Genotyping of transgenic mice was performed using polymerase chain reaction (PCR) from DNA extracted from small tissue samples (ear biopsies). The following primers were used for genotyping:
NestinCreERT2: fwd GTTTCACTGGTTATGCGGCG, rev GAGTTGCTTCAAAAATCCCTTCC; CAG CAT GFP: fwd CTGCTAACCATGTTCATGCC, rev GGTACATTGAGCAACTGACTG; Rosa26YFP: fwd AAAGTCGCTCTGAGTTGTTAT, rev GGAGCGGGAGAAATGGATATG, hGFAPeGFP: fwd CAGGTTGGAGAGGAGACGCATCA, rev CAGCTTGTGCCCCAGGATGT hGFAP-RFP: mRFP 4110: CCCCGTAATGCAGAAGAAGA, mRFP 4111: CTTGGCCATGTAGGTGGTCT.
Tamoxifen (Sigma-Aldrich, Cat# T5648) was dissolved at a concentration of 10 mg/ml in 10% ethanol and 90% sunflower seed oil under constant agitation in the dark at room temperature. To induce recombination, perinatal (P0) mice were subcutaneously injected with freshly prepared 40 mg/kg tamoxifen twice (12 h apart). 8-week-old, 14-month-old, and 21-month-old animals were intraperitoneally injected with freshly prepared 40 mg/kg tamoxifen every 12 h for five consecutive days.
Bromodeoxyuridine (BrdU, Sigma-Aldrich, Cat# B5002) was dissolved in sterile 0.9% NaCl solution at a concentration of 10 mg/ml. For developmental birth-dating experiments, P3, P7, P14, and P21 animals were intraperitoneally injected once with 50 mg/kg BrdU. For adult birth-dating experiments, BrdU (1 mg/ml) was dissolved together with 2% sucrose in drinking water. BrdU water was held in the dark and changed every 4 days during the experiment.
To collect brain tissue from mice of different ages, the animals were killed and fixed with paraformaldehyde (PFA) by transcardial perfusion, except perinatal stage P3. Killing of the animals occurred in dependence of their age: P3 mice were killed by decapitation, P7 and P10 mice were killed by isoflurane, and from P14 onwards mice were killed using CO2. Transcardial perfusion was conducted by first flushing with phosphate-buffered saline (PBS, pH 7.4) for 5 min at a flow rate of 10 ml/min followed by fixation with 4% PFA (Roth, Cat# 0335) in 0.1 mM phosphate buffer (pH 7.4) for 5 min at a flow rate of 10 ml/min. P7 animals were transcardially perfused using syringes filled with 10 ml PBS (pH 7.4) and subsequently fixed with 10 ml 4% PFA in 0.1 mM phosphate buffer (pH 7.4). For brain tissue collection from P3 mice, no transcardial perfusion occurred. Instead, the brains were removed and fixed in 4% PFA overnight. All PFA-fixed brains were dehydrated and stored at 4°C in 30% sucrose solution.

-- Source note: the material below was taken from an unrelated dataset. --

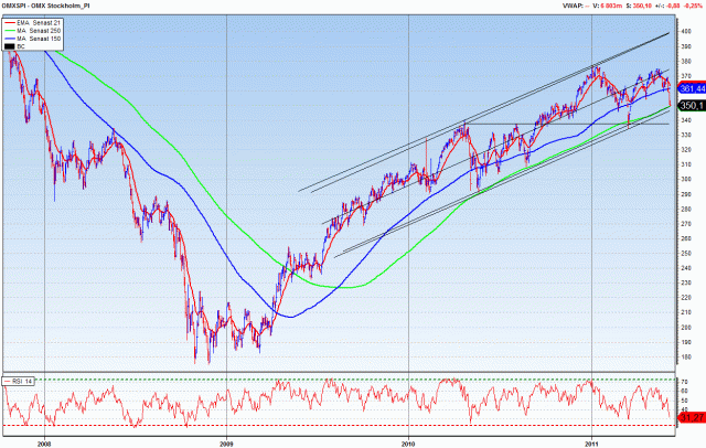 Å andra sidan har jag säkert fått 3 rapporter senaste veckan där man pushar för Defensives över Cykliskt.. och där man konstaterar att den traden har fungerat ypperligt i USA, men inte alls i Europa, och därför skulle det bara vara en tidsfråga innan det kom till Europa, vilket skulle innebära att man säljer cykliskt, dvs Svenska marknaden! Men jag vet inte… Kina bromsar samtidigt som våra verkstadsbolag inte flaggar för sämre vinster. 2012 lär bli hyggligt för Kina. Svensk verkstad, SX20, är ner 10% sedan årsskiftet… det räcker kanske?

For further processing, brain tissue from P3 and P7 animals was immersed in cryostat embedding medium and subsequently frozen using dry ice. The frozen brain tissue was cut into 16-µm-thick sections using a cryotome (Leica Microsystems, Wetzlar, Germany). Cut sections were immediately transferred to coated adhesive glass slides, which were then air-dried for 2 h at room temperature (RT) and then stored at −20°C. From P10 onwards, brain tissue was coronally cut into 50-µm sections using a sliding microtome (Leica Microsystems, Wetzlar, Germany). Cut sections were stored at −20°C in cryoprotection solution filled 96-well plates.

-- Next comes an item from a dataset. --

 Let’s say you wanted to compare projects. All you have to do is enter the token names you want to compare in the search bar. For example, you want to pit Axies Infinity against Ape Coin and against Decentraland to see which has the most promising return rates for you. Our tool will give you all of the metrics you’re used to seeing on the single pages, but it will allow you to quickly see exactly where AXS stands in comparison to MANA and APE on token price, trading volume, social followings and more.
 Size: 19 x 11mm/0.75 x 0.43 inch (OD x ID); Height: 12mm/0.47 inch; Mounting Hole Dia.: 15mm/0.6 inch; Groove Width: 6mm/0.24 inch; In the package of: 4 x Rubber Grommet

Immunofluorescent stainings were performed either on mounted (P3, P7) or free-floating sections (from P10 onwards). All slices were washed 3 times for 15 min with 1×PBS and then incubated with primary antibodies diluted in blocking solution (1×PBS/3% normal donkey serum/0.05% TritonX100) at 4°C for 72 h.

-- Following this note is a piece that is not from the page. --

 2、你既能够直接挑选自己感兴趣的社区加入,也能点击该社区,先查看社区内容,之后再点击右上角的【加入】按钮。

The following primary antibodies were used: rabbit anti-ALDH1L1 (1:500, Abcam, AB_10712968), rabbit anti-ACSBG1 (1:400, Abcam, AB_2222394), rat anti-BrdU (1:200, Serotec, AB_609566), guinea pig anti-DCX (1:1,000, Millipore, AB_304558), chicken anti-GFAP (1:500, Abcam, AB_304558), mouse anti-GFAP (1:500, Merck, AB_477010), rabbit anti-GFAP (1:500, Agilent, AB_2811722), chicken anti-GFP (1:500, Aves, AB_10000240), goat anti-GFP (1:500, Scigen, AB_2333101), rat anti-KI67 (1:100, Thermo Fisher Scientific, AB_10854564), mouse anti-MCM2 (1:500, BD Bioscience, AB_2141952), rabbit anti-MCM2 (1:500, Cell Signalling Technologies, AB_2142137), chicken anti-NESTIN (1:500, Aves, AB_10805379), mouse anti-NESTIN (1:300, Merck, AB_94911), mouse anti-NEUN (1:100, Merck, AB_2298772), mouse anti-S100β (1:500, Merck, AB_2665776), goat anti-SOX2 (1:300, Santa Cruz, AB_2286684), rat anti-TBR2 (1:250, Thermo Fisher Scientific, AB_11042577).
After removal of the primary antibodies, the sections were washed 3 times for 15 min with 1× PBS before incubation with fluorescent secondary antibodies. All secondary antibodies were diluted in blocking solution at a concentration of 1:400. The following fluorophores were conjugated to the secondary antibodies according to the species against which the primary antibodies were raised: Alexa 405 (Thermo Fisher Scientific), Alexa Fluor 488, Alexa Fluor 647, FITC, Cy3, and Cy5 (all Jackson ImmunoResearch). Sections were incubated with secondary antibodies at 4°C overnight. After removal of secondary antibody solution, sections were washed 3 times for 15 min with 1× PBS, and free-floating sections were mounted on slides. All sections were cover slipped with Aqua Poly/Mount (Polysciences, Cat# 18606). Object slides were stored at 4°C in the dark.
For immunostainings against ACSBG1, MCM2 (ms), ALDH1L1, and TBR2, sections were subjected to antigen retrieval. Therefore, sections were treated with 1 M Tris/EDTA (pH 9) for 5 min at 99°C before the primary antibody was incubated. After the heating step, sections were allowed to cool down for 20 min and washed 3 times for 10 min with MilliQ water, followed by 3 times washing for 10 min with 1×PBS. Immunofluorescent stainings for ACSBG1, MCM2, ALDH1L1, and TBR2 were performed as described above.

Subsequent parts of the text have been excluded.